I'm a huge fan of cooking corn in the Instant Pot -- somehow the high, fast heat makes fresh, in-season corn taste even sweeter. This season I've also fallen hard for butter bath corn. Sometimes called "milk boiled corn," this method involves boiling corn on the cob in a mixture of water, milk, and butter. The technique is revelatory -- butter bath corn is perfectly seasoned, buttery, and sweet straight out of the pot.

I bet you know where I'm going with this. Combining the two discoveries -- that is, cooking butter bath corn in the Instant Pot -- infuses the corn with sweet, buttery flavor, making this the only method you need for cooking corn on the cob this summer.

Adapting the butter bath technique to the Instant Pot is pretty easy if you keep a few things in mind. You'll need slightly less water than traditional butter bath corn, and you'll want to set the Instant Pot to cook for just a minute. To avoid buttery water spurting out of the pressure release valve, you'll use the pot's natural release of pressure. That means that this method isn't necessarily faster than the stovetop method, but it will keep your kitchen cool and it is handy when your stove is otherwise occupied.

Instant Pot Butter Bath Corn

Serves 6 to 12

8 tablespoons (1 stick) unsalted butter

6 ears fresh corn, husked and broken in half

3 cups water


1 cup whole milk

1 teaspoon kosher salt

1. Place the butter in an Instant Pot or electric pressure cooker, and use the saute function to melt it.
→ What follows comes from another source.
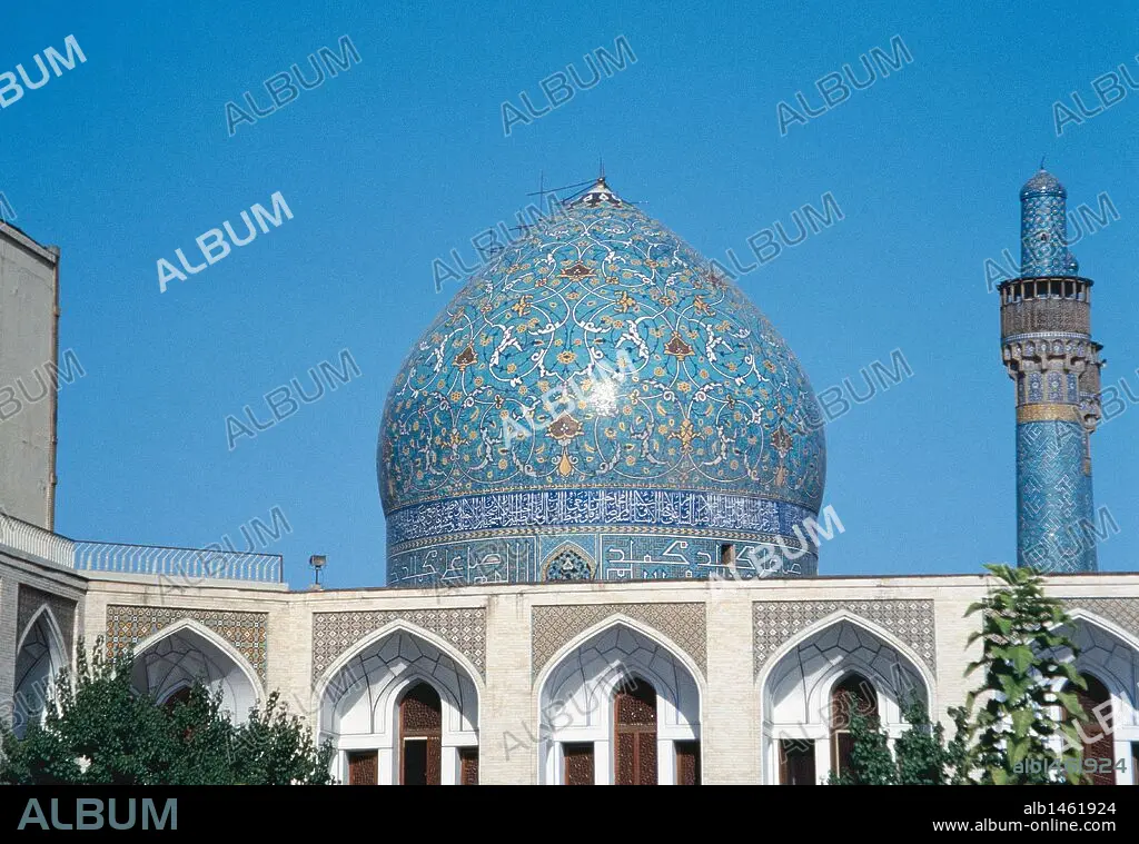 Caption: Madrasah-i Madar-i Shahh, also known as Chahar Bagh school. It was built under the patronage of Shah Husain I, a Safavid king. 18th century. Dome and minarets. Isfahan. Iran.

Turn off the saute function. Add the corn, followed by the water, milk and salt.

2. Lock the lid on and make sure the valve is set to seal. Use the manual function, and set for 1 minute of high pressure. The Instant Pot will take 12 to 15 minutes to come to pressure.

3. When the cook time is up, naturally release the pressure, which will take 20 to 25 minutes. Carefully open the Instant Pot, and serve.

Recipe notes: Leftovers can be refrigerated in an airtight container up to five days.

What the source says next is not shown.